Ergebnisse: Es konnten insgesamt 751 Neugeborene (6,3%) mit Nierenveränderungen selektiert werden. Davon zeigten 570 Neugeborene (4,8%) Harntransportstörungen unterschiedlichen Ausprägungsgrades (HTS I.-IV.°). 71,8% (n=409) betrafen das männliche, 28,2% (n=161) das weibliche Geschlecht (p<<0,001). Frühgeborene waren prozentual häufiger von Harntransportstörungen betroffen (p=0,01), ebenso Kinder aus Mehrlingsschwangerschaften (p<<0,001). Teilweise kombiniert mit Harntransportstörungen zeigten sich verschiedene Nierenlage- und Nierenparenchymanomalien (Doppelnieren, Nephrokalzinosen, Hufeisennieren, Beckennieren, multizystisch und polyzystisch dysplastische Nieren).

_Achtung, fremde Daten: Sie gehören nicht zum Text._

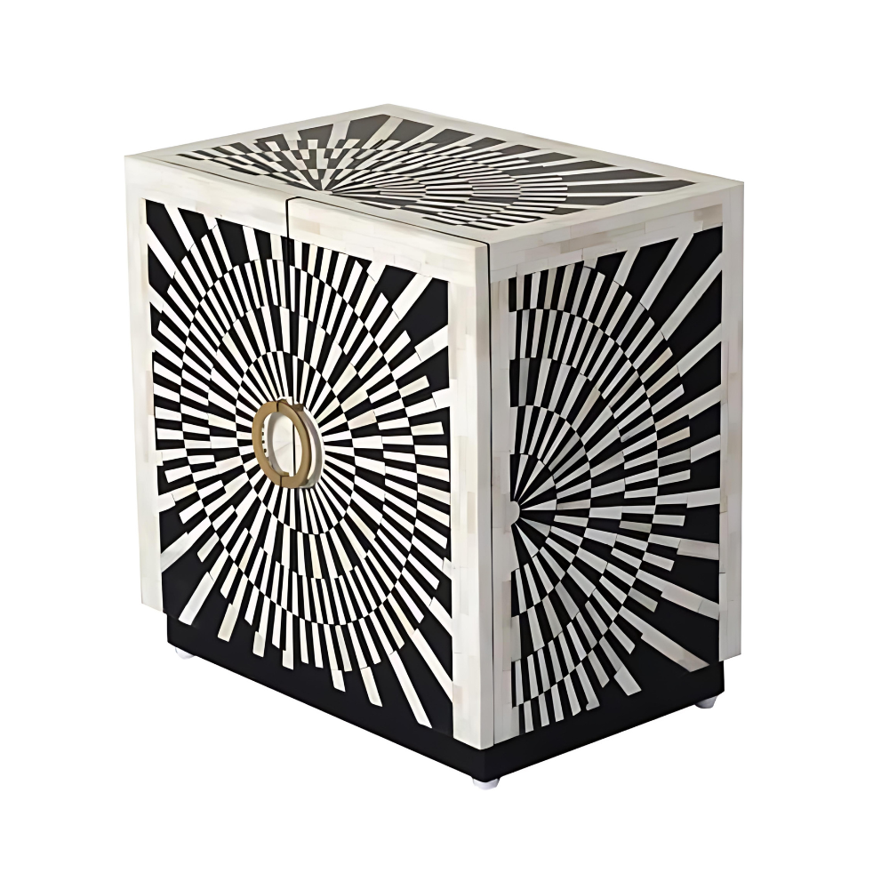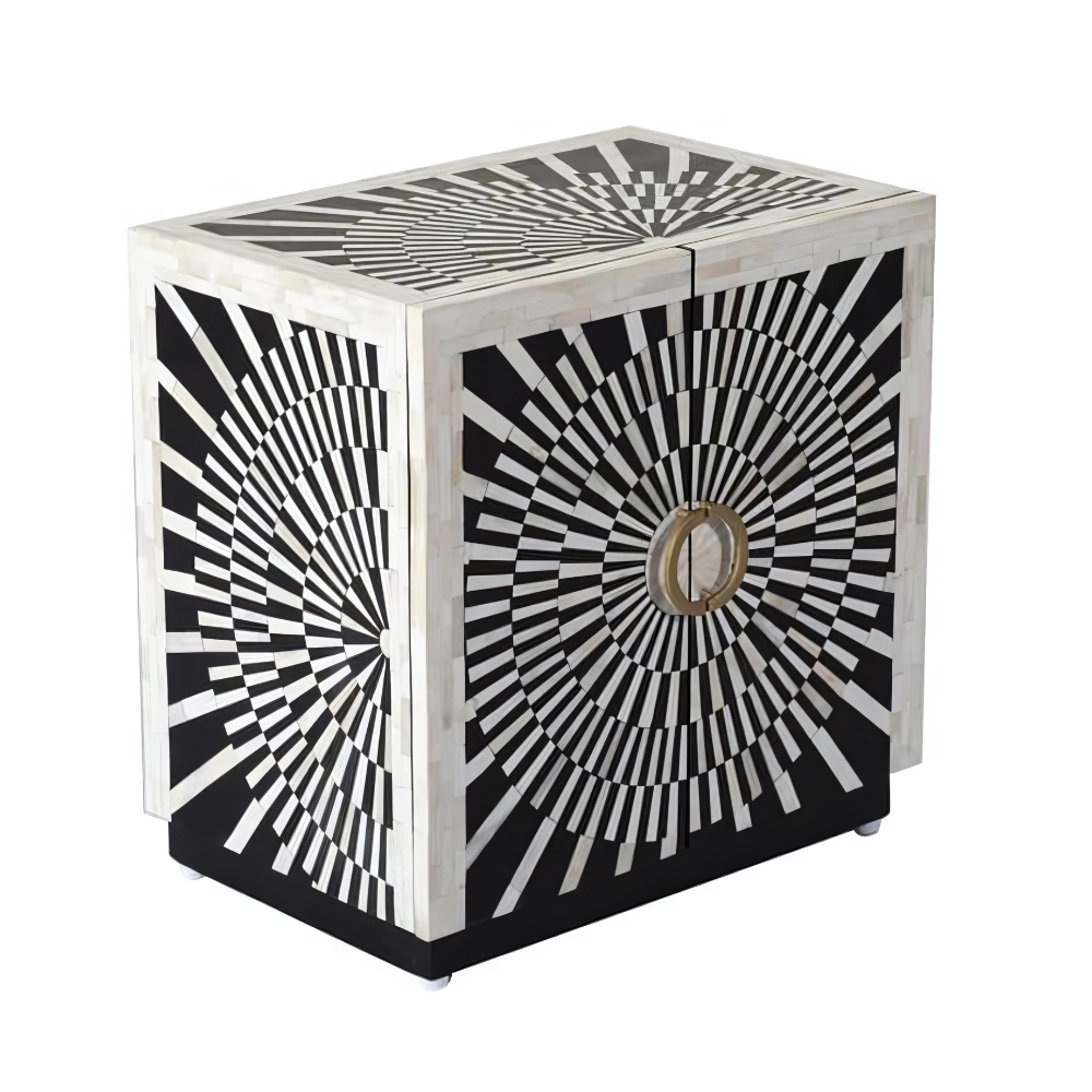 Ivory Elegance Monochrome Bone Inlay Cabinet

Schlussfolgerung: Das sonographische Nierenscreening hat als nichtinvasives, kostengünstiges Verfahren einen hohen diagnostischen Stellenwert in der Detektion von obstruktiven Uropathien und renalen Dysplasien in der Neugeborenenperiode. Weiterführende bildgebende Diagnostik, interventionelle Maßnahmen bei Harntransportstörungen oder definitive operative Korrekturen können so frühzeitig geplant werden.